BEGIN
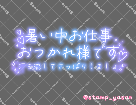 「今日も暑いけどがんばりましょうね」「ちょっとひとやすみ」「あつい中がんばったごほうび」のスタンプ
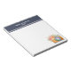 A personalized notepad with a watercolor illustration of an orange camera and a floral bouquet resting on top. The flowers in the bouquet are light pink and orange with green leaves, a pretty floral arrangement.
END
BEGIN
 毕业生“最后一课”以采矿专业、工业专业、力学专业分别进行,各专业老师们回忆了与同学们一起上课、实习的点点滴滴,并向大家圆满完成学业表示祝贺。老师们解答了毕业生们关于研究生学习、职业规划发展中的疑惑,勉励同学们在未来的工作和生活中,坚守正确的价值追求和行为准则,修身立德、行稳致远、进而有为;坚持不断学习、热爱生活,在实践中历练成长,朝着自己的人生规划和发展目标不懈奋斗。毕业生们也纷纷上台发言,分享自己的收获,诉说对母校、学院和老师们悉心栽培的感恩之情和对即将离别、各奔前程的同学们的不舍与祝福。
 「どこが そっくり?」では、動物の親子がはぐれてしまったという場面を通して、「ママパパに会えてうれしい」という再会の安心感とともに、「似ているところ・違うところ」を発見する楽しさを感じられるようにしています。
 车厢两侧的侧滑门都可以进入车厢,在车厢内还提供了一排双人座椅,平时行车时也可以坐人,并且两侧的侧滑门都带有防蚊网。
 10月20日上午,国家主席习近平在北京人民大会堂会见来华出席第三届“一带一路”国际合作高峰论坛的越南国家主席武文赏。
END
» **What you will do**
Using the data above, transcribe the lines that run from the line with "车厢两侧的侧滑门都可以进入车" to the line with "10月20日上午,国家主席习", both ends kept, and output nothing else.

» **Response**
 车厢两侧的侧滑门都可以进入车厢,在车厢内还提供了一排双人座椅,平时行车时也可以坐人,并且两侧的侧滑门都带有防蚊网。
 10月20日上午,国家主席习近平在北京人民大会堂会见来华出席第三届“一带一路”国际合作高峰论坛的越南国家主席武文赏。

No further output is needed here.